Different parameters in the CDWE-BiLSTM model may have an impact on the semantic perceptual ability of the text encoder, making the semantic features extracted by the model ineffective in providing reliable semantic descriptions for the task of text generation of face images. In this regard, the parameter sensitivity of the CDWE-BiLSTM model is explored in the middle of this section, and the experiment will explore the sensitivity of the model from four parts: the number of layers, the sliding window size, the learning rate and the Dropout ratio. Figure 4 shows the validation results of the parameter sensitivity of the model, where Figures 4(a)-(d) shows the validation results of the number of graph layers, sliding window size, learning rate and Dropout ratio, respectively.

  1. Graph layers represent the number of layers of the CDWE-BiLSTM model, and it can be seen from the figure that as the number of layers of the CDWE-BiLSTM model changes, the accuracy of the model on different datasets is different. When Graph layers are equal to 2, the model performs best on Face2Text dataset (73.64%) and when Graph layers are equal to 3, the model performs best on COCO dataset (72.13%). This indicates that as the number of layers increases, the nodes can obtain more information about their neighbors, but due to the limited learning ability of the nodes, the test accuracy starts to decrease when the number of layers reaches a certain value.

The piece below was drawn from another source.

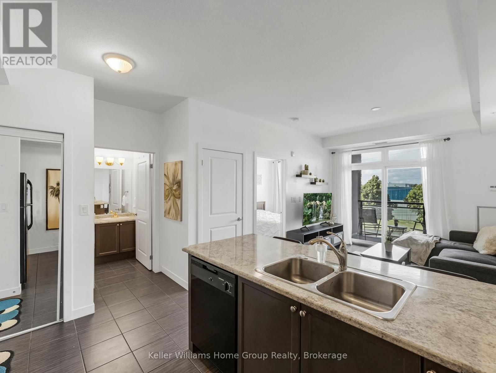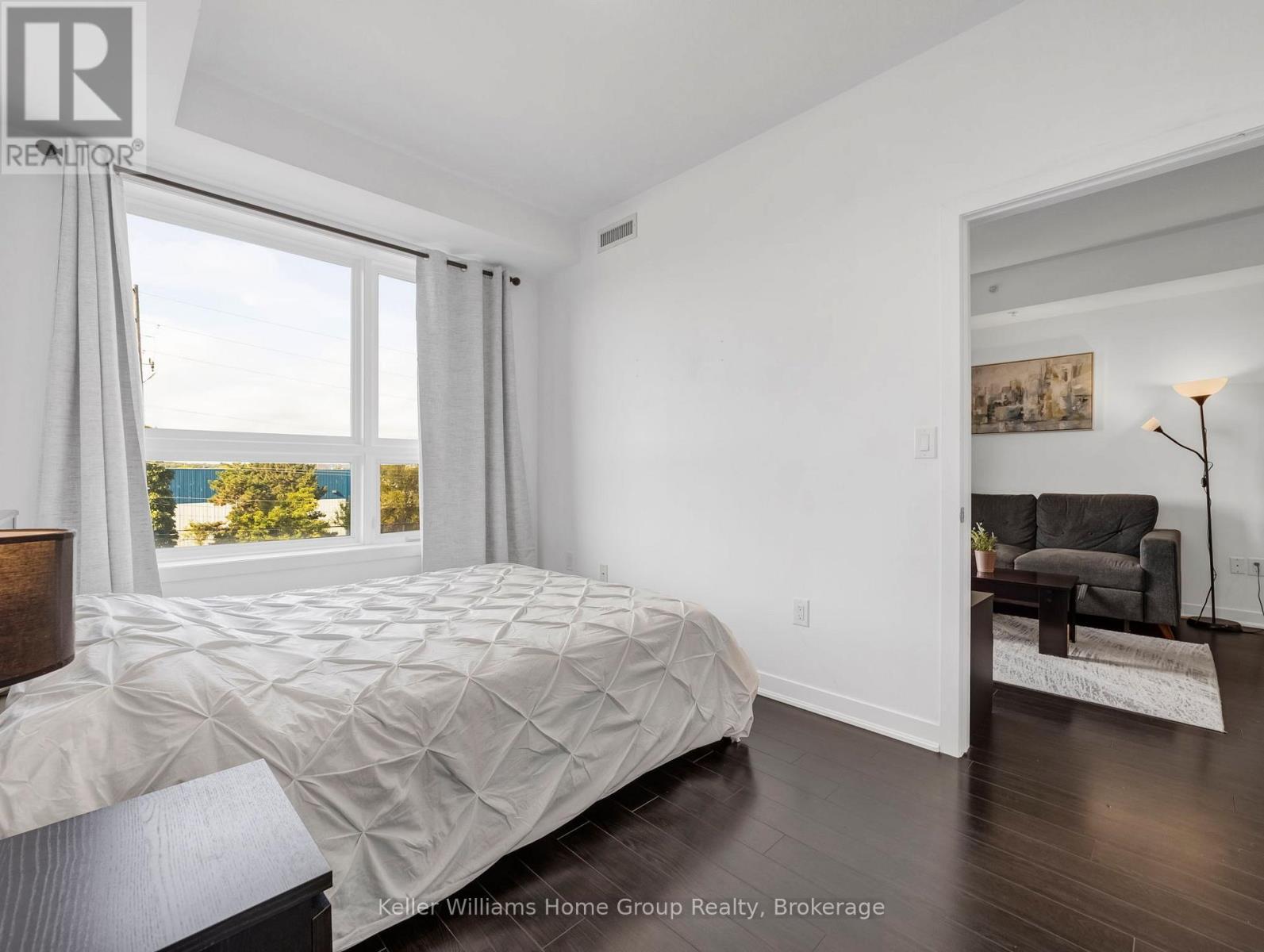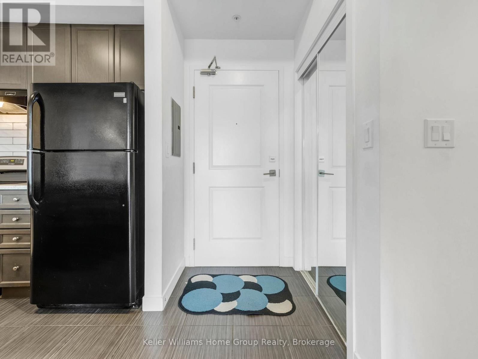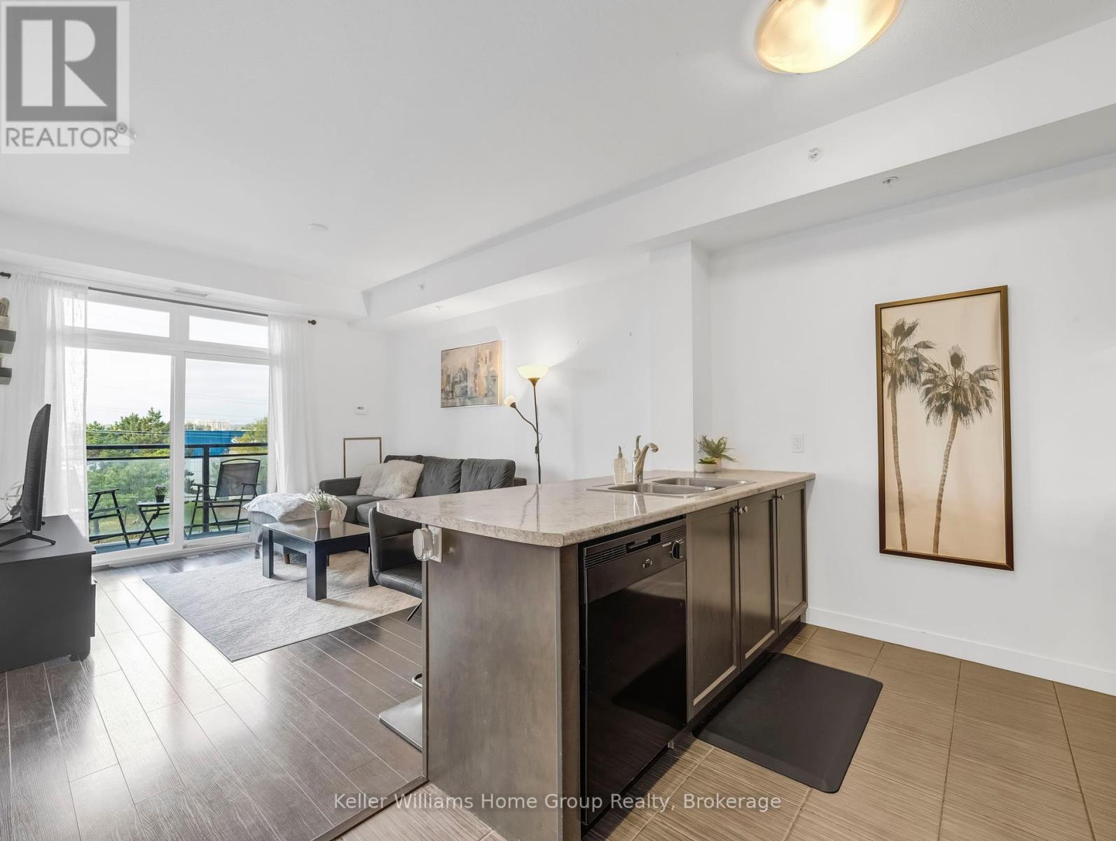 Welcome to Vibe Condos, where modern luxury meets intelligent living. This opportunity to own a well-managed residence is designed for comfort, efficiency, and an unparalleled lifestyle. This property is perfect for first-time buyers seeking a smart entry into the market, those looking to downsize without sacrificing quality, or the astute investor building a strong portfolio. Step into a bright, West-facing sanctuary that greets you with 9' ceilings and beautiful upgraded flooring that flows throughout. The open-concept layout is perfect for both entertaining and everyday living. Unwind in the living area, where a glass door leads to your private balcony, the ideal perch to enjoy morning coffees and sunsets. The kitchen is both stylish and functional, featuring a sleek breakfast bar for casual dining, a contemporary updated backsplash, and reliable appliances. Retreat to the spacious and bright bedroom, a peaceful haven offering ample space for rest and relaxation. The elegant four-piece bathroom is appointed with timeless finishes, and the ultimate convenience is delivered with in-suite laundry. This home is powered by a cutting-edge geothermal heating and cooling system, a premium feature that ensures year-round comfort and sustainable condo fees. The condo fees also cover heat, water and parking, presenting incredible value. This investment includes one underground parking space and one storage locker, both steps from the elevator. Indulge in a host of premium building amenities without leaving home. There is a spacious gym, party room for hosting gatherings, a stunning rooftop terrace with panoramic views, and ample visitor parking. Experience the ultimate in convenience with an unbeatable location. You are just minutes from a myriad of boutiques, cafes, and restaurants, easy access to public transit for a seamless commute, grocery stores for all your essentials, and quick access to the QEW and Highway 407, putting the entire Greater Toronto Area within reach. (id:24334)

  2. Window size indicates the sliding window size, and the performance of the CDWE-BiLSTM model is different for different window sizes. From the figure, it can be seen that with the increase of Window size, the test accuracy of the model on Face2Text and COCO dataset increases accordingly, and when the test accuracy reaches the peak (75.78%, 74.94%), the model performance also begins to decline, which indicates that the model’s performance is also affected by the Window size.

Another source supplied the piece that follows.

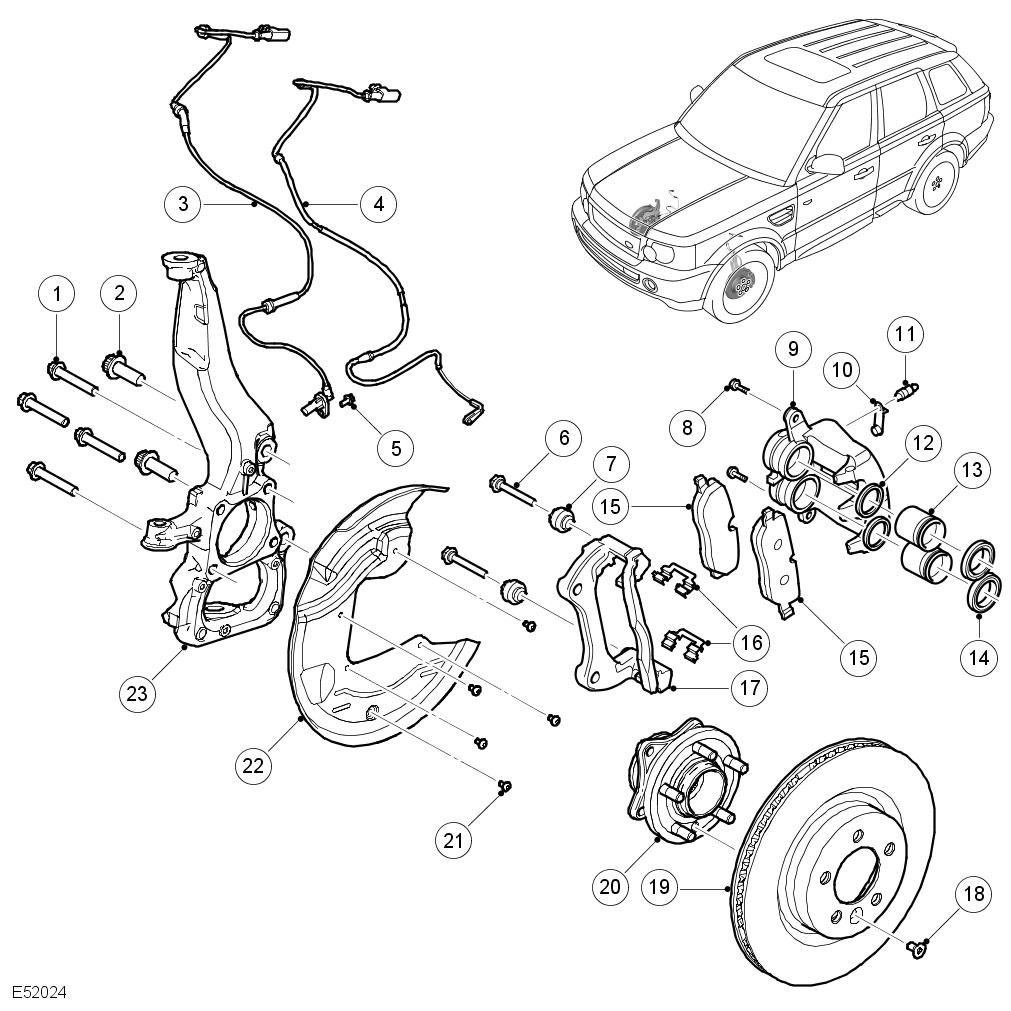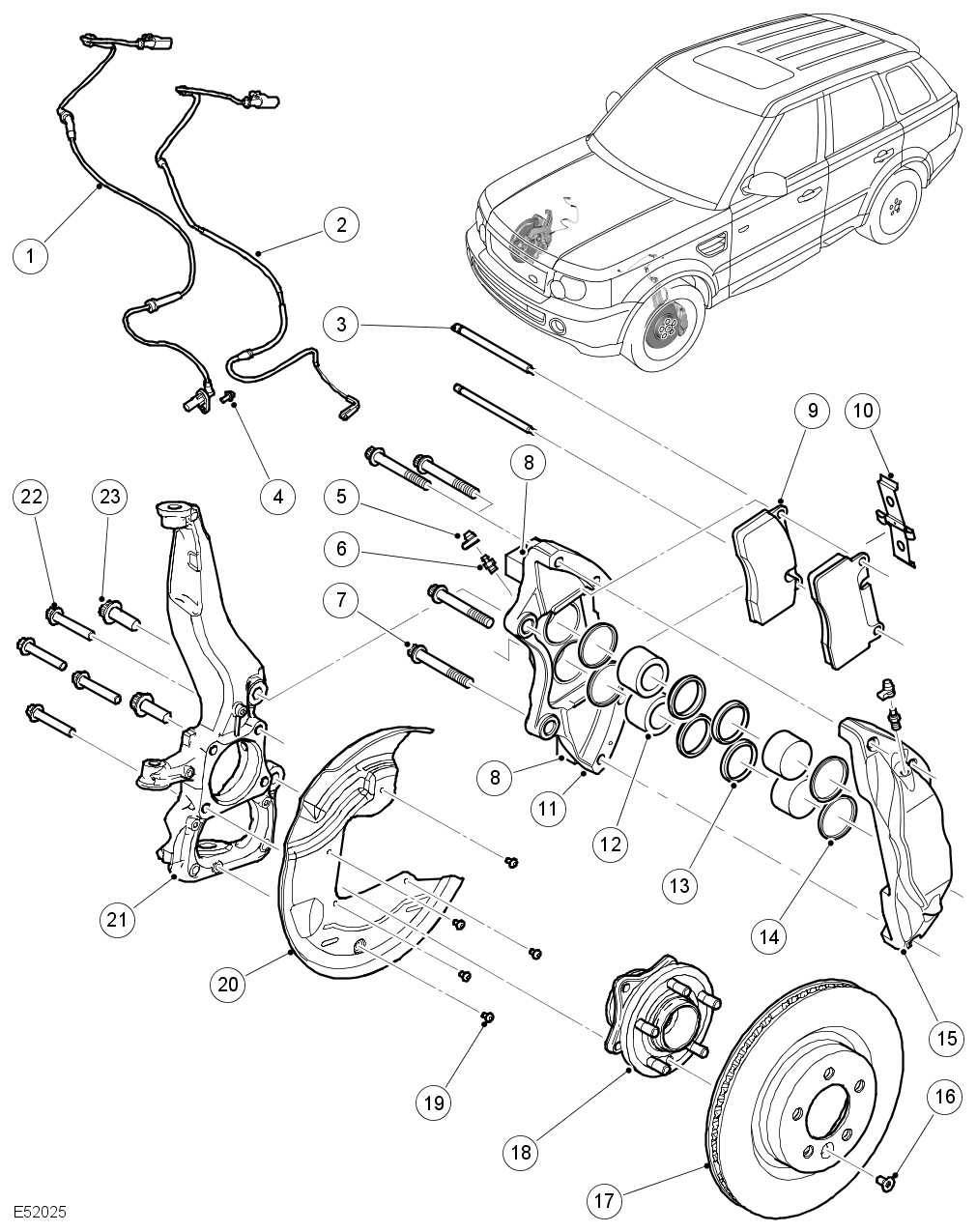 On all models the brake caliper is attached to the rear of the front knuckle. The brake pads are made from an asbestos free material. The inboard brake pad of the left front brake incorporates a wear sensor.

  3. Under the influence of different Learning rate, the CDWE-BiLSTM model learns more and more semantic information as the learning rate increases. If there is no early assignment, the model will reach the fitting point earlier, which affects the actual performance of the model.

  4. On Face2Text and COCO datasets, different Dropout values affect the accuracy of the model.The increase of Dropout value is similar to the trend of the learning rate.In the experiments of the model, the model has the best performance on the two datasets when the Dropout value is 0.4, and its accuracy is 72.19% and 73.25%, respectively.

In summary, when using the CDWE-BiLSTM model for the text editor for text generation of face images, when the Graph layers of the CDWE-BiLSTM model are set to 2 or 3 layers, Window size is set to 2, Learning rate is set to 0.01, and the Dropout ratio is set to 0.4, we can Obtaining the optimal text semantic perception capability allows the model to deeply acquire the relevant information of the text description, providing reliable text semantic support for the accurate generation of text-generated face images task.

3.2. Text generated face image analysis

3.2.1. Comparison of generation performance

Text-guided face image generation usually evaluates the model based on objective evaluation criteria. In this section, the evaluation will be done in terms of quality of generated face images, semantic consistency of face images and text descriptions, and similarity between face images and real images. In this paper, FID is used to evaluate the quality of generated face images, R-PRE is used to evaluate the semantic consistency of face images and text descriptions, and Face Similarity Score (FSS) and Face Similarity Distance (FSD) are used to evaluate the similarity between face images and real images.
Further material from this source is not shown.